Note about Justin Wilson: I picked up a book on Cajun Humor eight or nine years ago and found that Wilson - noted as a Cajun Humorist - was absolutely _despised_ by the entire Cajun community. He built his reputation by telling an endless repertoire of jokes about how stupid Cajuns were. When I was young, and before political correctness took hold, such jokes about stupidity were generically referred to as Polish Jokes, since that group was generally the butt of these.

This was bad enough, but adding fuel to the fire was the fact that Wilson was only _half_ Cajun. One parent was, one wasn't. So he was a semi-outsider, pokling endless derision at that group. Not a recipe for popularity.

Also, an important part of his schtick was his fractured English and syntax. Sometimes funny, but in fact he had a college degree and at least one graduate degree in Industrial Engineering. He worked up north during WW II as an industrial engineer before discovering his true calling.

I watched him for a while, but got tired of his food, as well as his humor. 

Mike


----------



## chrislehrer (Oct 9, 2008)

Well, if the PBS crew count, I'd say Pepin and Ming Tsai. I just don't think of them as "celebrity TV chefs" in the same way. On the whole, I find that the PBS people can actually cook, albeit not always as well or as interestingly as they might. The commercial TV (Food Network, etc.) celebrities are a lot of flash, and some of them cook well and some of them really don't at all.

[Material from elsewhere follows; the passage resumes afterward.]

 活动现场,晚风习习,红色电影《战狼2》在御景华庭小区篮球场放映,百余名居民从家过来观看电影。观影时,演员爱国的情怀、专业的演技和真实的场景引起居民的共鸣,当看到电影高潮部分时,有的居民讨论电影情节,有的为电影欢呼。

In passing, someone said something about Boulud being "incredible" to work for. A dear friend of mine did just that -- worked at Daniel, as a prep chef. According to her, he is indeed "incredible," as in "incredible as-----le." Day 1, he assigned her to an unlit basement to sort splinters out of a container of iced crabmeat. Upon discovering that she was wearing food safety gloves to do this, he screamed expletives and threatened physical abuse. He had a special washing sink as required by some sort of ServSafe thing (I don't know the details), and insisted that it be detached and removed from the main premises unless his spies heard that an inspector was coming. He could be counted on to be screaming expletives and in some cases handing out physical abuse during most of the hour before service, and more or less throughout service itself. He also treated female cooks very poorly, singling them out (not just my friend) for the most undesirable jobs; this was sufficiently extreme that he would sometimes assign a job and then, when he left to do something else, one of the other senior chefs would reassign the job just so that a given woman didn't spend all day every day doing the worst jobs.

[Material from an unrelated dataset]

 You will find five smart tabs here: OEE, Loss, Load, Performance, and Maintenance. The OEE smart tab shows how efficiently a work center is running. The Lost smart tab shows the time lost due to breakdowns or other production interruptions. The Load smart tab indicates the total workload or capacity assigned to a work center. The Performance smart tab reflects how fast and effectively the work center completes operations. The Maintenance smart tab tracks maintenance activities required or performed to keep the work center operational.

His food may be good, to be sure, but I'm not voting for Boulud.


----------



## fishstickhunter (Jan 3, 2009)

I would say Batali. 

I agree many of the food network shows rely on a lot of flash but that is what keeps my attention. My favorite show is still Alton Brown. I wish more shows had the informative aspect which he does well.


----------



## cwshields (Jan 21, 2007)

I'm partial to Rick Bayless, Mario Batalli, and Jacques Pepin. Also for healthy cooking I like Ellie Krieger's recipes.


----------



## mont86 (Jan 24, 2009)

I agree with that. I also think I would enjoy Fieri or Flays cooking. My tastes are pretty simple.


----------



## chefraz (May 10, 2007)

I don't I've gotten one of his cookbooks years ago and cooked some of them. and I for one love that style for family cooking.plus his stories were so funny. 
BTW his cookbooks are written in the same dialect that he talked so it was also amusing to read.."you got to did that for sur!"


----------



## kcz (Dec 14, 2006)

Another vote for the PBS crowd, with Jacques Pepin as #1.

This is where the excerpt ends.